- Problem -
Reproduce the listing below word for word and exclude any picture.

- Raw data -
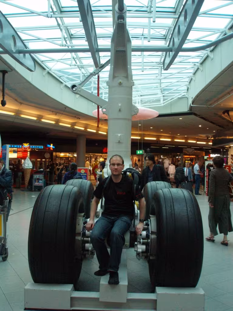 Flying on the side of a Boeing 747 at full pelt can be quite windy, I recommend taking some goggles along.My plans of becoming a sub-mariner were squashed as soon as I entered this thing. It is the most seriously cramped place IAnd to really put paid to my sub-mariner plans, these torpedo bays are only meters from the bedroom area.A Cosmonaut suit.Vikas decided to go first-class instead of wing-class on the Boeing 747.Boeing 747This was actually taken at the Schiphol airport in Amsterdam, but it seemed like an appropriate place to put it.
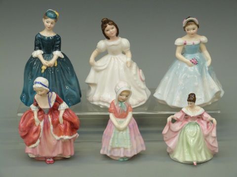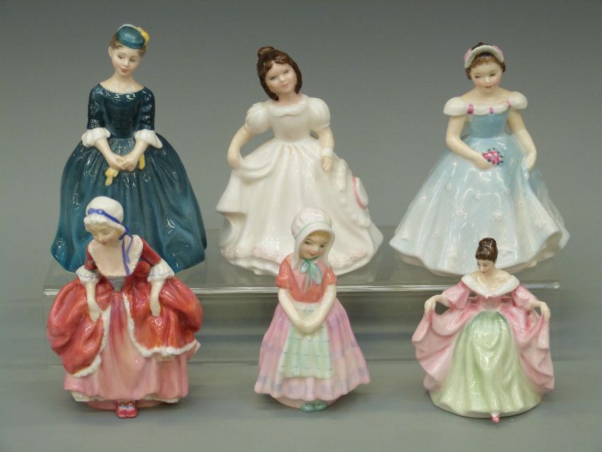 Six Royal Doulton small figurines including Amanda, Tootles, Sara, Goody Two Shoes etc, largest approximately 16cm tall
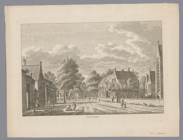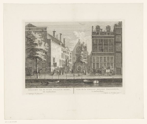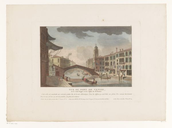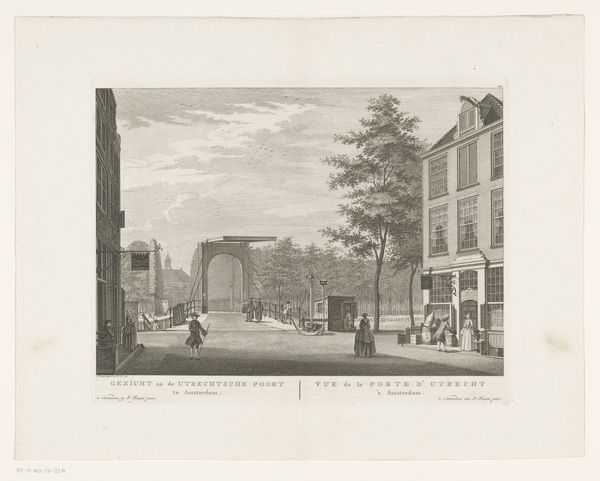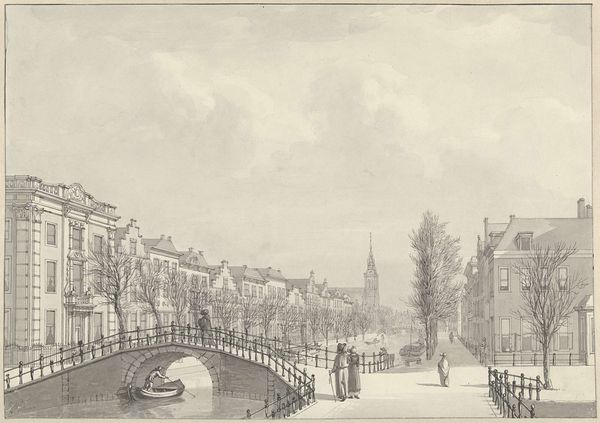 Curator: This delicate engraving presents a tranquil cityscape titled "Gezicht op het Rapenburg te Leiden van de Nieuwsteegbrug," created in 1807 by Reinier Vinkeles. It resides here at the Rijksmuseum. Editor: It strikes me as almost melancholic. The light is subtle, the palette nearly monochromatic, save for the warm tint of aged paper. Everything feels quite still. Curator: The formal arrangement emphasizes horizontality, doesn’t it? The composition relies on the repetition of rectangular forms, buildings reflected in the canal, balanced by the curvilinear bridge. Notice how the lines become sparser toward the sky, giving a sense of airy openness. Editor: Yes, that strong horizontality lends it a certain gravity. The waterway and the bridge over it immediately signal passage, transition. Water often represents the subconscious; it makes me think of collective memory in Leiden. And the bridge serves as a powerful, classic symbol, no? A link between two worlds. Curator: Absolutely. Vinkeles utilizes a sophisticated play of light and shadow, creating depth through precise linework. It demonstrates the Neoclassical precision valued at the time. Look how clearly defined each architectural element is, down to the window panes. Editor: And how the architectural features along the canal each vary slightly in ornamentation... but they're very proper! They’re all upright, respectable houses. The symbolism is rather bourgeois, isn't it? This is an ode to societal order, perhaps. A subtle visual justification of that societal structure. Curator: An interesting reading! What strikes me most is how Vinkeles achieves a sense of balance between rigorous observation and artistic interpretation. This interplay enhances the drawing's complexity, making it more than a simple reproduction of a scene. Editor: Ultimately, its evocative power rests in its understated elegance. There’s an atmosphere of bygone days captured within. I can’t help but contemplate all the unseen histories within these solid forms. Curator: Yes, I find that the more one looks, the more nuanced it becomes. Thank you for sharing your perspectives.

- Task response -
 Flying on the side of a Boeing 747 at full pelt can be quite windy, I recommend taking some goggles along.My plans of becoming a sub-mariner were squashed as soon as I entered this thing. It is the most seriously cramped place IAnd to really put paid to my sub-mariner plans, these torpedo bays are only meters from the bedroom area.A Cosmonaut suit.Vikas decided to go first-class instead of wing-class on the Boeing 747.Boeing 747This was actually taken at the Schiphol airport in Amsterdam, but it seemed like an appropriate place to put it.
 Six Royal Doulton small figurines including Amanda, Tootles, Sara, Goody Two Shoes etc, largest approximately 16cm tall
 Curator: This delicate engraving presents a tranquil cityscape titled "Gezicht op het Rapenburg te Leiden van de Nieuwsteegbrug," created in 1807 by Reinier Vinkeles. It resides here at the Rijksmuseum. Editor: It strikes me as almost melancholic. The light is subtle, the palette nearly monochromatic, save for the warm tint of aged paper. Everything feels quite still. Curator: The formal arrangement emphasizes horizontality, doesn’t it? The composition relies on the repetition of rectangular forms, buildings reflected in the canal, balanced by the curvilinear bridge. Notice how the lines become sparser toward the sky, giving a sense of airy openness. Editor: Yes, that strong horizontality lends it a certain gravity. The waterway and the bridge over it immediately signal passage, transition. Water often represents the subconscious; it makes me think of collective memory in Leiden. And the bridge serves as a powerful, classic symbol, no? A link between two worlds. Curator: Absolutely. Vinkeles utilizes a sophisticated play of light and shadow, creating depth through precise linework. It demonstrates the Neoclassical precision valued at the time. Look how clearly defined each architectural element is, down to the window panes. Editor: And how the architectural features along the canal each vary slightly in ornamentation... but they're very proper! They’re all upright, respectable houses. The symbolism is rather bourgeois, isn't it? This is an ode to societal order, perhaps. A subtle visual justification of that societal structure. Curator: An interesting reading! What strikes me most is how Vinkeles achieves a sense of balance between rigorous observation and artistic interpretation. This interplay enhances the drawing's complexity, making it more than a simple reproduction of a scene. Editor: Ultimately, its evocative power rests in its understated elegance. There’s an atmosphere of bygone days captured within. I can’t help but contemplate all the unseen histories within these solid forms. Curator: Yes, I find that the more one looks, the more nuanced it becomes. Thank you for sharing your perspectives.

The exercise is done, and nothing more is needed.